Feb. 9, 2012 at 1:34 PM ET
Never mind whether you can get super high-speed 4G wireless service for Internet access; what about the current 3G standard that most of us rely on? A new map released by the Federal Communications Commission shows the nation's data dead zones for wireless coverage, and there are lots of them, enough to trip many of us up when we're on a road trip across the country.
"These areas are U.S. Census blocks that lack 3G or better mobile coverage at the centroid of the block" as of October 2011, says the FCC. The map shows areas that have been "preliminarily identified as potentially eligible" for federal funding to beef up mobile broadband coverage.
The FCC says 18 million Americans "still have no high-speed Internet, and millions live, work and travel in areas without mobile broadband coverage."

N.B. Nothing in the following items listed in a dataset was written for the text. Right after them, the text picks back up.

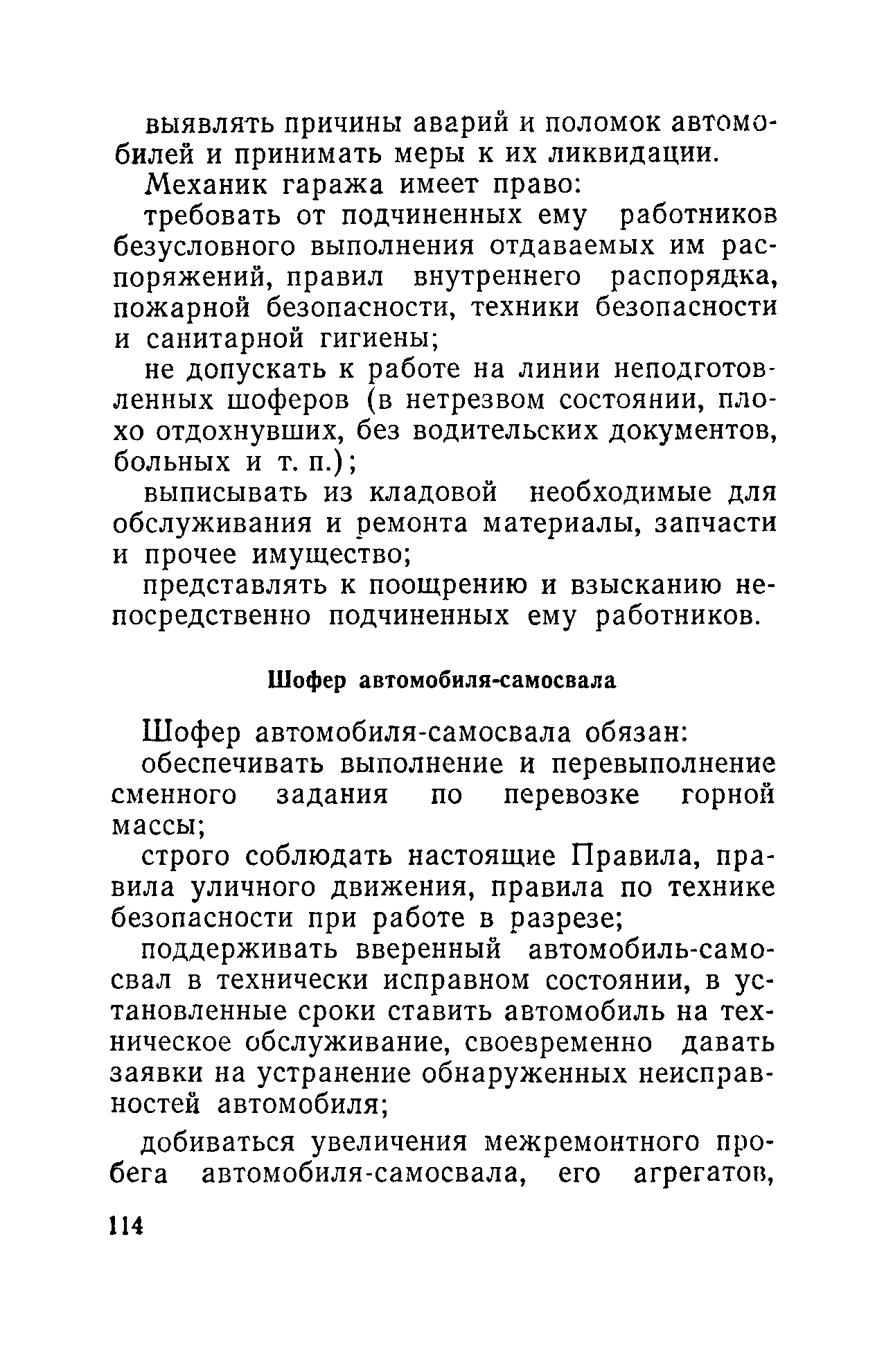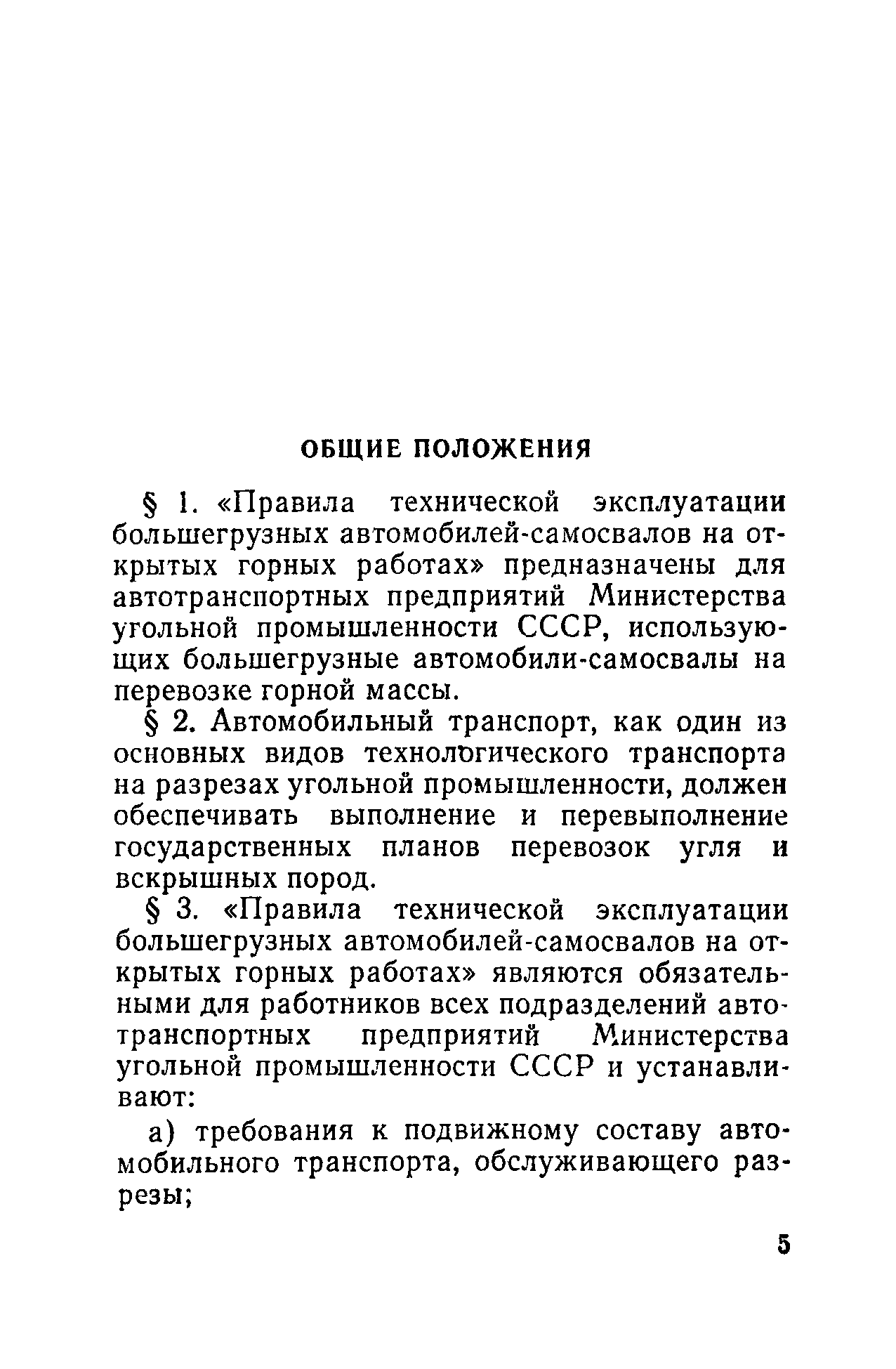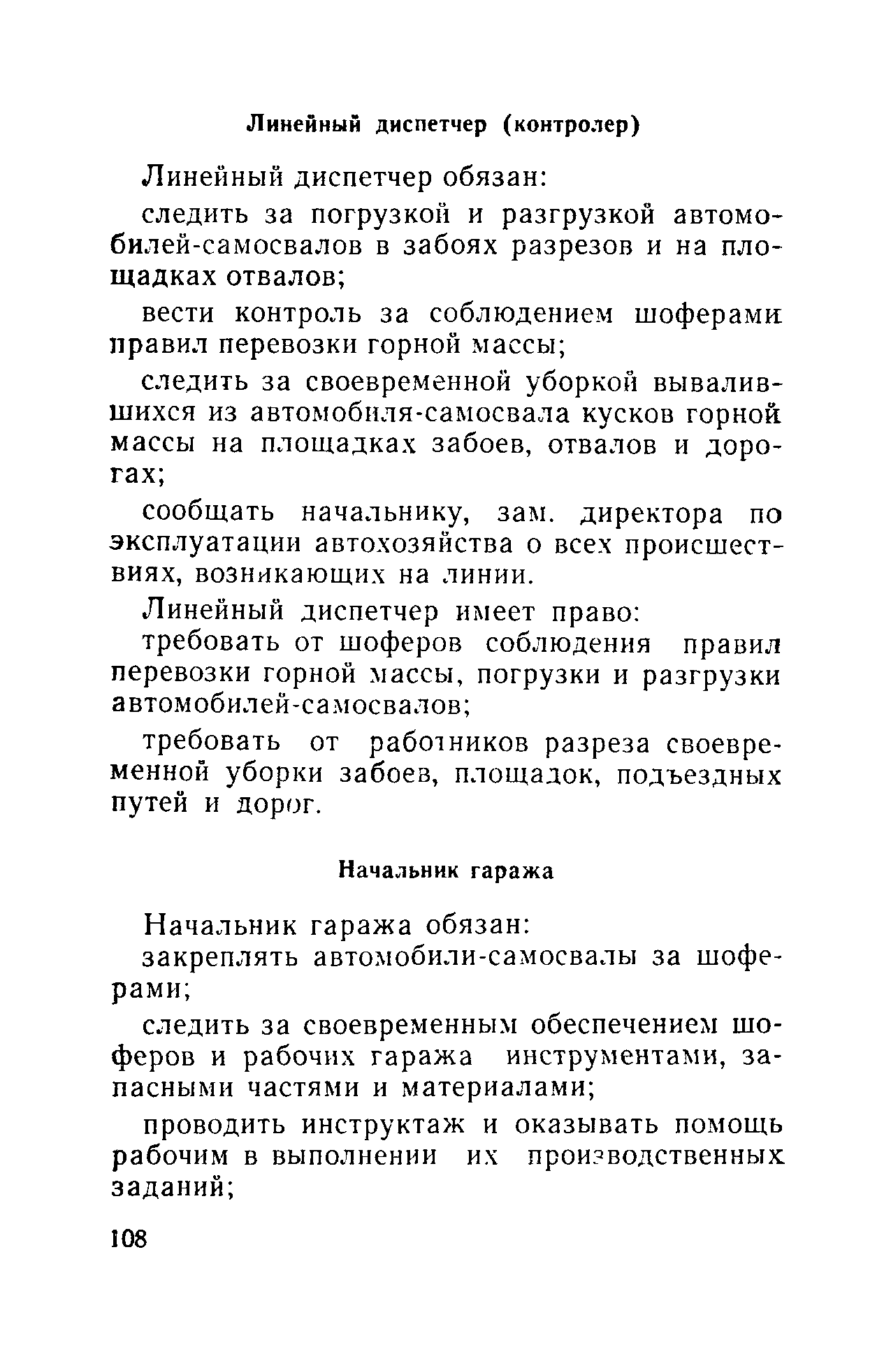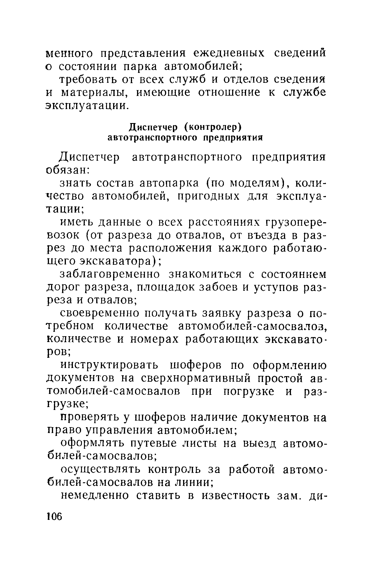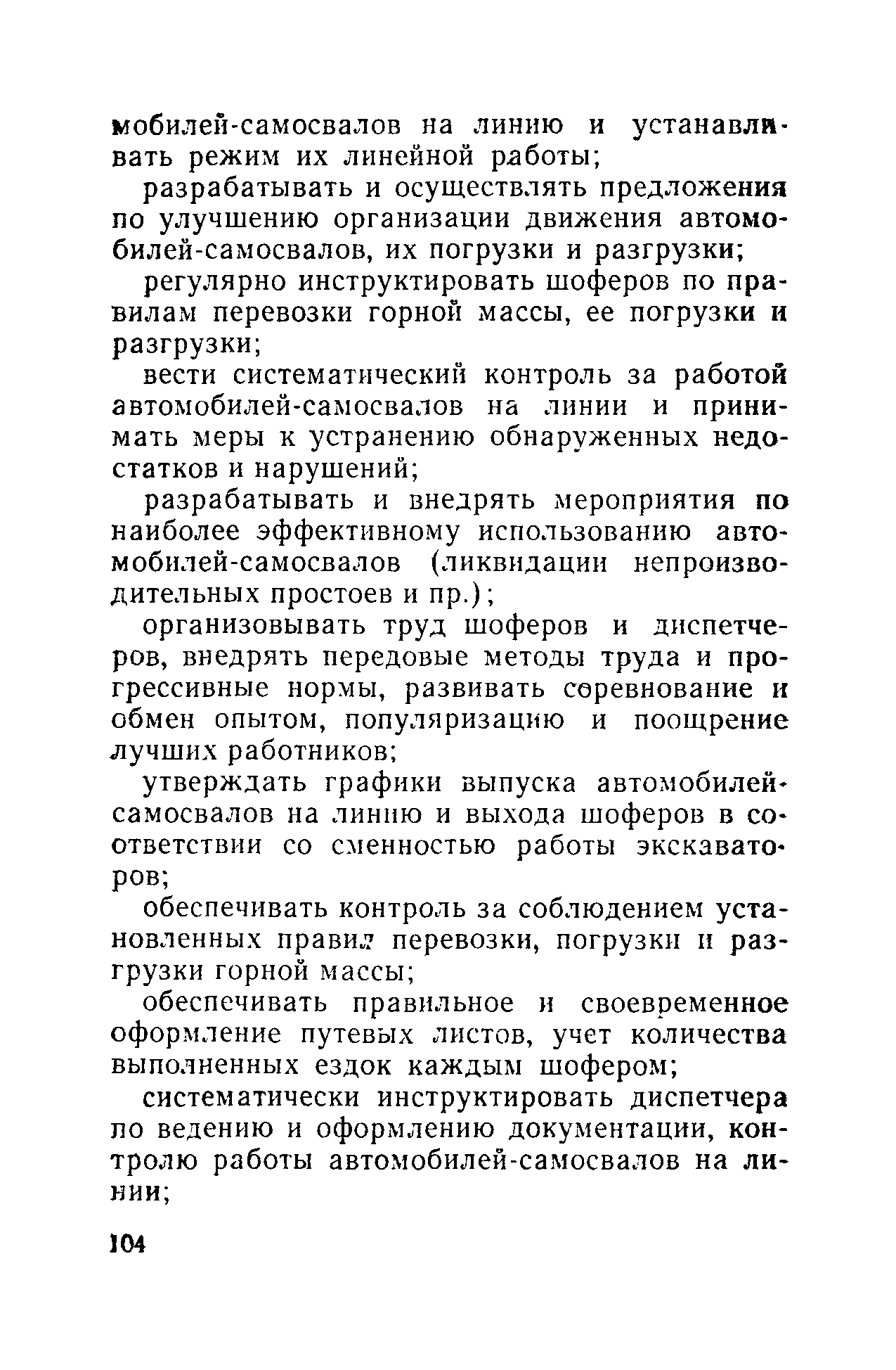 д) основные обязанности работников автомобильного транспорта. | | Оглавление: | Общие положения Раздел I Автомобильная служба на открытых горных работах и специфика подготовки шоферов к эксплуатации большегрузных автомобилей Глава 1. Общая структура автомобильной службы па открытых горных работах Глава 2. Техническая подготовка шоферов к эксплуатации большегрузных автомобилей-самосвалов Раздел II Подвижной состав технологического автомобильного транспорта Глава 1. Общие требования к подвижному составу Глава 2. Приемка автомобилей-самосвалов Глава 3. Регистрация и учет автомобилей-самосвалов Глава 4. Требования к техническому состоянию автомобилей-самосвалов, находящихся в эксплуатации Раздел III Профилактика и ремонт подвижного состава автомобильного транспорта Глава 1. Общие положения Глава 2. Профилактика подвижного состава Глава 3. Ремонт подвижного состава Глава 4. Порядок сдачи в капитальный ремонт и приема из ремонта автомобилей и агрегатов Глава 5. Организация профилактики и ремонта в автотранспортных предприятиях Глава 6. Устранение неисправностей подвижного состава на линии . Раздел IV Эксплуатационные материалы, аккумуляторные батареи и шины Глава 1. Топливо и смазочные материалы Глава 2. Охлаждающие жидкости Глава 3. Аккумуляторные батареи Глава 4. Автомобильные шины Раздел V Особенности подготовки и эксплуатации автомобилей-самосвалов в зимних условиях Раздел VI Здания, сооружения и технические средства автотранспортного предприятия Глава 1. Общие положения Глава 2. Сооружения для хранения автомобилей-самосвалов Глава 3. Сооружения для технического обслуживания и ремонта автомобилей-самосвалов Глава 4. Складские помещения Глава 5. Сооружения для обслуживания личного состава Раздел VII Автомобильные дороги разрезов Глава 1. Общие положения Глава 2. Устройство и обслуживание автомобильных дорог на разрезах Глава 3. Погрузочно-разгрузочные пункты Раздел VIII Работа подвижного состава на линии Глава 1. Общие положения Глава 2. Управление автомобилем Глава 3. диспетчерское руководство работой автомобилей-самосвалов на линии Раздел IХ Общие обязанности работников автотранспортного предприятия, обслуживающего разрезы Глава 1. Проверка знаний работников автотранспортного предприятия Глава 2. Общие обязанности работников автотранспортного предприятии Приложение 1. Типовые обязанности и права инженерно-технических работников технической службы, службы эксплуатации автохозяйства и шоферов большегрузных автомобилей-самосвалов Приложение 2. Перечень основных операций технического обслуживания (ЕО, ТО-1, ТО-2, СО) большегрузных автомобилей-самосвалов . . Приложение 3. Примерный перечень основных агрегатов, механизмов, соединений и деталей, техническое состояние которых отражается на безопасности движения Приложение 4. Примерный перечень узлов, приборов и механизмов автомобилей, рекомендуемых для включения в оборотный фонд при агрегатно-узловом методе ремонта Приложение 5. Номенклатура агрегатов и узлов, подлежащих ремонту на авторемонтных предприятиях в качестве товарной продукции Приложение 6. Ремонтный листок Приложение 7. Лицевая карточка автомобиля | | Разработан: | НИИОГР
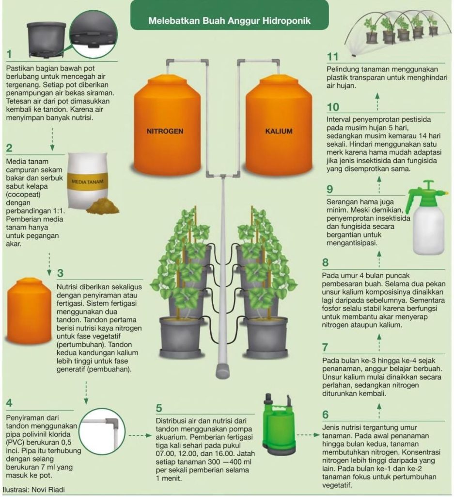 Pada umur 2 tahun, ia menuai rata-rata 30 kg per tanaman dalam setahun. Perawatan intensif kunci membuat tanaman berbuah terus menerus. Frekuensi berbuah dua kali setahun. Puluhan tanaman itu berbuah tidak bersamaan. Berikut langkah hidroponik anggur.
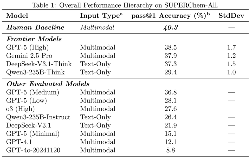 评测结果显示,SUPERChem具有较高难度与区分度。在化学专业低年级本科生闭卷测试中,人类准确率为40.3%。参与评测的前沿模型中,表现最佳的GPT-5(High)准确率为38.5%,表明其化学推理能力与低年级本科生水平相当,尚未超越人类基础专业认知。
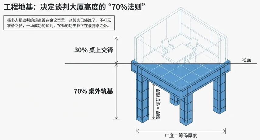很多人把谈判的起点设在会议室里,这其实已经晚了。一场成功的谈判,70%的功夫都下在谈判桌之外。不打无准备之仗,这句话在采购谈判中是绝对的真理。

The commission's Wireless and Wireline Bureaus will hold a "Mobility Fund" auction in September to see if there are providers that can come in and start eradicating some of those dead zones.
On Monday, the Wireline Bureau released a "Public Notice to move forward the process of allocating an additional $300 million this year for extending new fixed broadband service to rural homes and businesses," the FCC said on its blog.
"These are examples of how we are pinpointing areas that lack broadband to make smart use of subsidies — zeroing in on the rural communities that have been left behind, while ensuring continued availability of robust broadband in areas that already have it."
The effort is part of the "Connect America Fund," which will shift federal money spent annually to subsidize rural telephone service over to providing broadband in rural and what are considered costly-to-serve areas.
"We are taking a system designed for the Alexander Graham Bell era of rotary telephones and modernizing it for the era of Steve Jobs and the Internet future he imagined," FCC Chairman Julius Genachowski said last fall.